From all non-human animals dogs are very likely the best decoders of human behavior. In addition to a high sensitivity to human attentive status and to ostensive cues, they are able to distinguish between individual human faces and even between human facial expressions. However, so far little is known about how they process human faces and to what extent this is influenced by experience. Here we present an eye-tracking study with dogs emanating from two different living environments and varying experience with humans: pet and lab dogs. The dogs were shown pictures of familiar and unfamiliar human faces expressing four different emotions. The results, extracted from several different eye-tracking measurements, revealed pronounced differences in the face processing of pet and lab dogs, thus indicating an influence of the amount of exposure to humans. In addition, there was some evidence for the influences of both, the familiarity and the emotional expression of the face, and strong evidence for a left gaze bias.
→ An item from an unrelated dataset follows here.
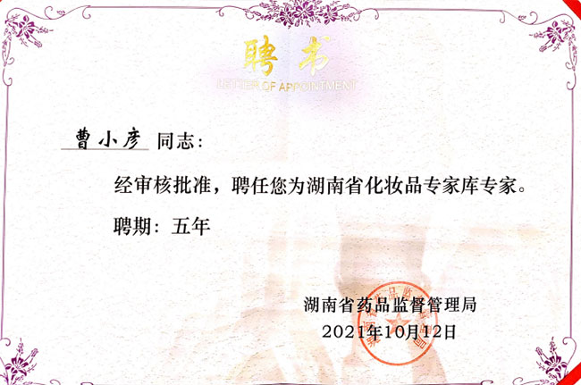 2021年12月2日,廣電計量食品與農產品檢測事業部總經理曹小彥被聘為湖南省市場監督管理局化妝品專家庫第一批入庫專家,成為檢驗檢測組14名專家之一。
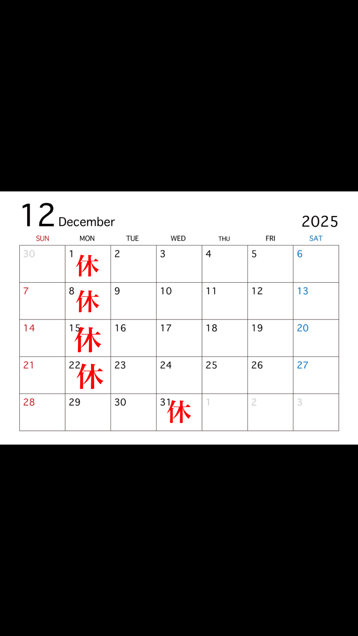 当店では下記の通り、12月の営業スケジュールを予定しております。

These findings, together with recent evidence for the dog's ability to discriminate human facial expressions, indicate that dogs are sensitive to some emotions expressed in human faces.

Highlights

  • An important perceptual-cognitive challenge for almost all animals is to find a compromise between 'lumping and splitting' when confronted with the vast amount of information arriving at their senses [1]

  • The pet dogs looked longer at the negative compared to the positive emotions (F = 1,795.1 = 1.16, p = 0.28) whereas the lab dogs spent more time looking at the positive compared to the negative emotions (F1, 473.6 = 4.35, p = 0.04, see Fig 4)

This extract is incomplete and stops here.